- DIRECTIONS FOR THIS TASK
Nothing should appear in the answer except the lines below from the line containing "では最後に、お三方にとってフ" through the line containing "4. Flip your", copied exactly, with pictures left out.

==== DATA RECORDS ====

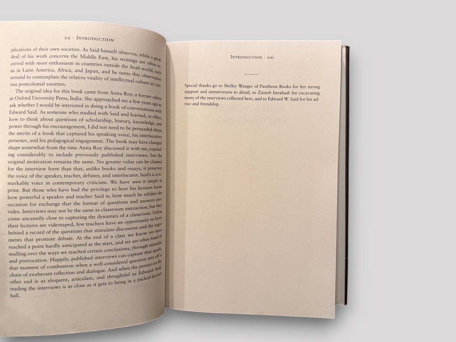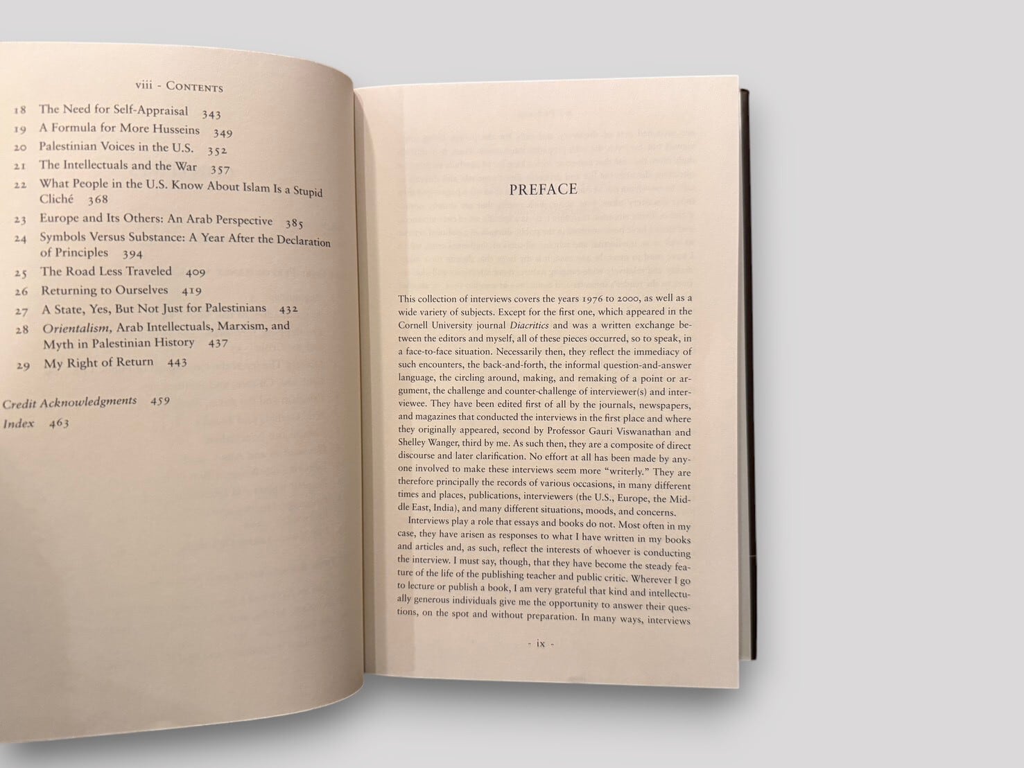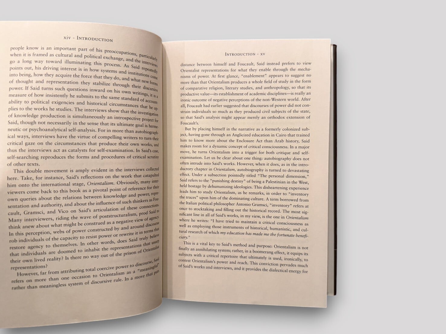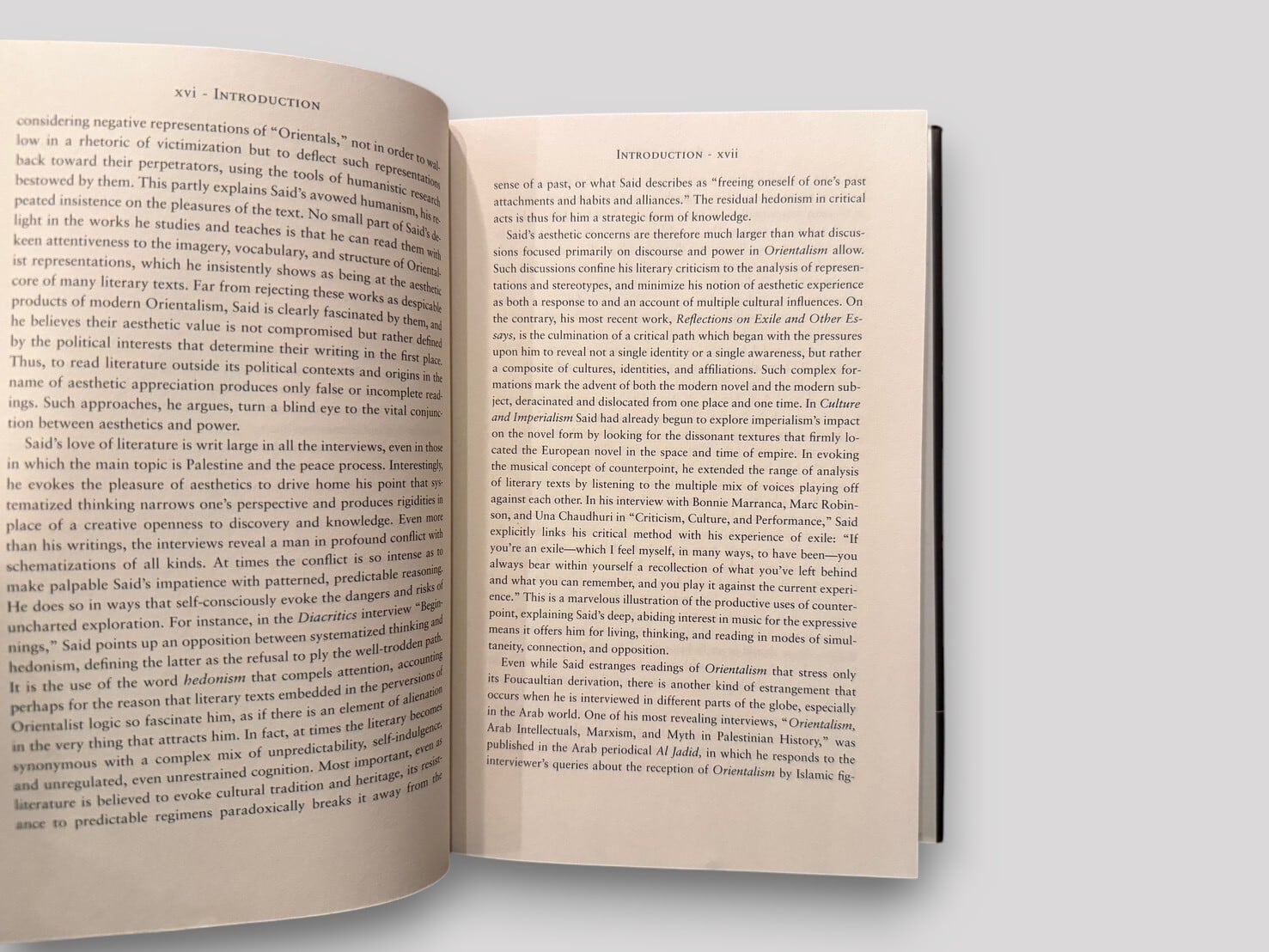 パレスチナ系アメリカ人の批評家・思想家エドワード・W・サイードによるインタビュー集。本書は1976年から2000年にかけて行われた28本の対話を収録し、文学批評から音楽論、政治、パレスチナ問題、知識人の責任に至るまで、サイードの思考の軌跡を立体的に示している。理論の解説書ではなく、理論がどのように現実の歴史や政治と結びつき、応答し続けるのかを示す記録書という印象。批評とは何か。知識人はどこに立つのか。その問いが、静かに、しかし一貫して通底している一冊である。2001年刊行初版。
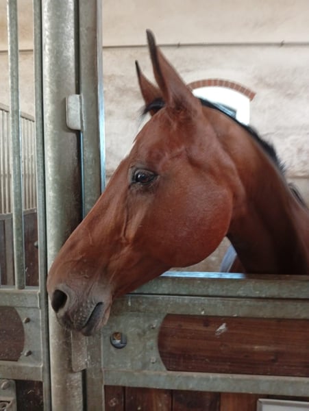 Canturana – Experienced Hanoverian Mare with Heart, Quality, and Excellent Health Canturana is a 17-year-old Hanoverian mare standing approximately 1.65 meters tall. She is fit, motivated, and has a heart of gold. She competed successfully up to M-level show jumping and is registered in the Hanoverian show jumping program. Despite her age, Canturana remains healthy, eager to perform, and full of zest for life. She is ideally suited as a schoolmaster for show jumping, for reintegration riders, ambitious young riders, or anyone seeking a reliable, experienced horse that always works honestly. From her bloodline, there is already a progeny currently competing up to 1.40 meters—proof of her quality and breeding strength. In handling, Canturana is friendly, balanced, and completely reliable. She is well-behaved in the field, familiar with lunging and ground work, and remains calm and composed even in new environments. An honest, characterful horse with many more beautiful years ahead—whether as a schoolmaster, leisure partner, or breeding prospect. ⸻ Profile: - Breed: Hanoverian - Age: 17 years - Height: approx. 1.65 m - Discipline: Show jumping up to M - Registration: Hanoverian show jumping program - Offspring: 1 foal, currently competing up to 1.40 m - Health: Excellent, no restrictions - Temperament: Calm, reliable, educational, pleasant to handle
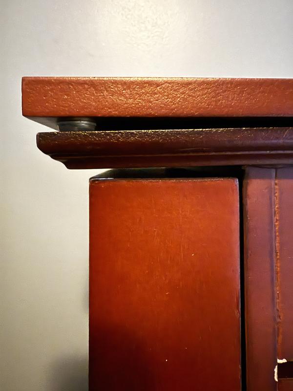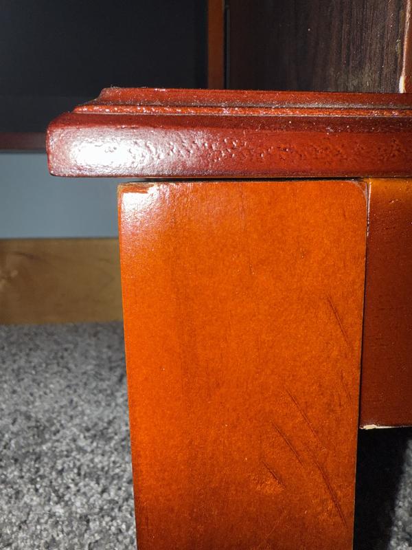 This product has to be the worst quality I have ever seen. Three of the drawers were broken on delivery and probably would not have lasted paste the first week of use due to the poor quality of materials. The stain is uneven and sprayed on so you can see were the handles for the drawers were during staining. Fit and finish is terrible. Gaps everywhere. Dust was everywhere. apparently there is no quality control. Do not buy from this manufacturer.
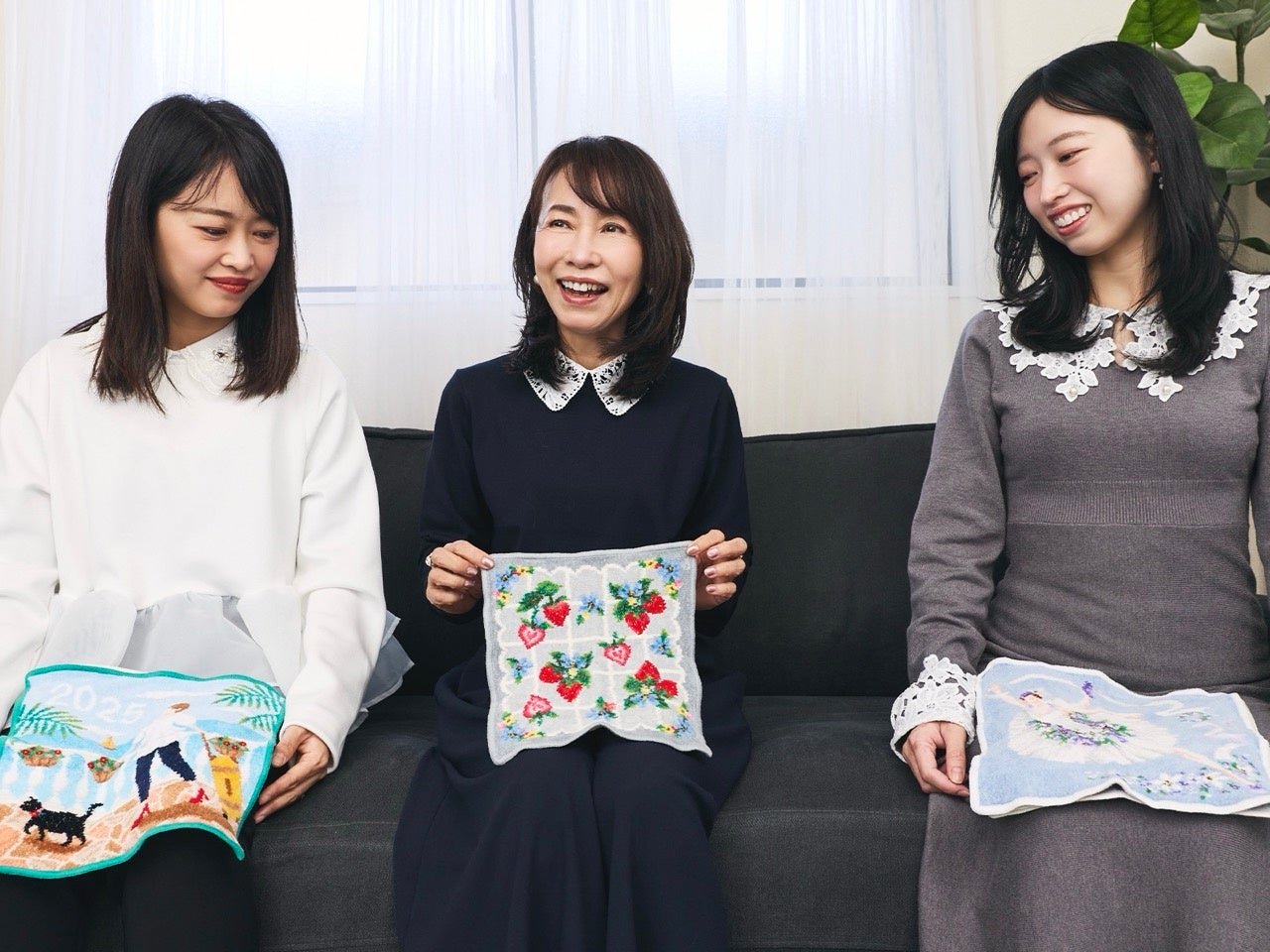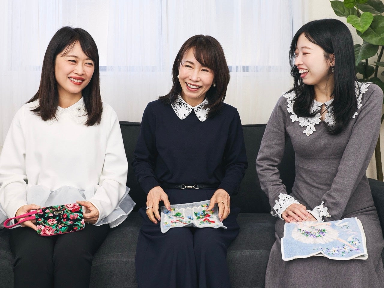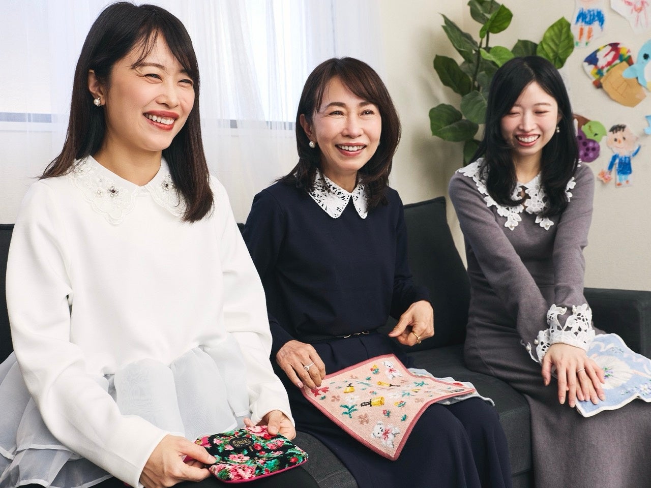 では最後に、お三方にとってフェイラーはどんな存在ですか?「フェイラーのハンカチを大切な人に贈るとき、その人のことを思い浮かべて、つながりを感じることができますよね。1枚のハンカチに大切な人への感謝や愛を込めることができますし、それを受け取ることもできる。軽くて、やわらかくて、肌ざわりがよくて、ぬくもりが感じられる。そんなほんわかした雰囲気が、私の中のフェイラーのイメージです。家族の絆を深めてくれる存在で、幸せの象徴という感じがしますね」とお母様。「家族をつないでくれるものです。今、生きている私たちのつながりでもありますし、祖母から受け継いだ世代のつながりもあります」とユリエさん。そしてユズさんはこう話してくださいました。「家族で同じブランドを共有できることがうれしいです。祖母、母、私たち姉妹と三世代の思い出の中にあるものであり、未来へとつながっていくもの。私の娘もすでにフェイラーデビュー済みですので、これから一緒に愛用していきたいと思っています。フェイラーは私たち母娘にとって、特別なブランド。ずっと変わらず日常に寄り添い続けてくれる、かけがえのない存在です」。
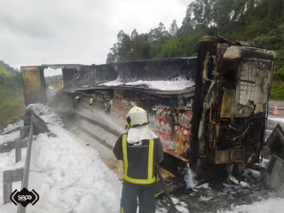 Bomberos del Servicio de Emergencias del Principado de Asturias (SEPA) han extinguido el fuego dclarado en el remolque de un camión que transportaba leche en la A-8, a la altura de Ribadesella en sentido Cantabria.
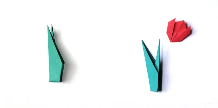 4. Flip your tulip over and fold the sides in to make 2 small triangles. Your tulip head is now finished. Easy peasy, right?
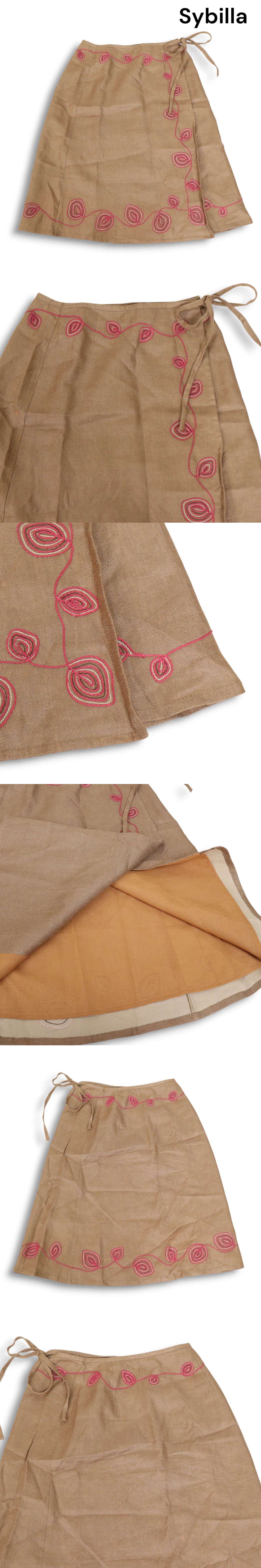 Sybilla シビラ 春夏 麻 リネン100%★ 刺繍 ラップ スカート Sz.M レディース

====

- TASK ANSWER
 では最後に、お三方にとってフェイラーはどんな存在ですか?「フェイラーのハンカチを大切な人に贈るとき、その人のことを思い浮かべて、つながりを感じることができますよね。1枚のハンカチに大切な人への感謝や愛を込めることができますし、それを受け取ることもできる。軽くて、やわらかくて、肌ざわりがよくて、ぬくもりが感じられる。そんなほんわかした雰囲気が、私の中のフェイラーのイメージです。家族の絆を深めてくれる存在で、幸せの象徴という感じがしますね」とお母様。「家族をつないでくれるものです。今、生きている私たちのつながりでもありますし、祖母から受け継いだ世代のつながりもあります」とユリエさん。そしてユズさんはこう話してくださいました。「家族で同じブランドを共有できることがうれしいです。祖母、母、私たち姉妹と三世代の思い出の中にあるものであり、未来へとつながっていくもの。私の娘もすでにフェイラーデビュー済みですので、これから一緒に愛用していきたいと思っています。フェイラーは私たち母娘にとって、特別なブランド。ずっと変わらず日常に寄り添い続けてくれる、かけがえのない存在です」。
 Bomberos del Servicio de Emergencias del Principado de Asturias (SEPA) han extinguido el fuego dclarado en el remolque de un camión que transportaba leche en la A-8, a la altura de Ribadesella en sentido Cantabria.
 4. Flip your tulip over and fold the sides in to make 2 small triangles. Your tulip head is now finished. Easy peasy, right?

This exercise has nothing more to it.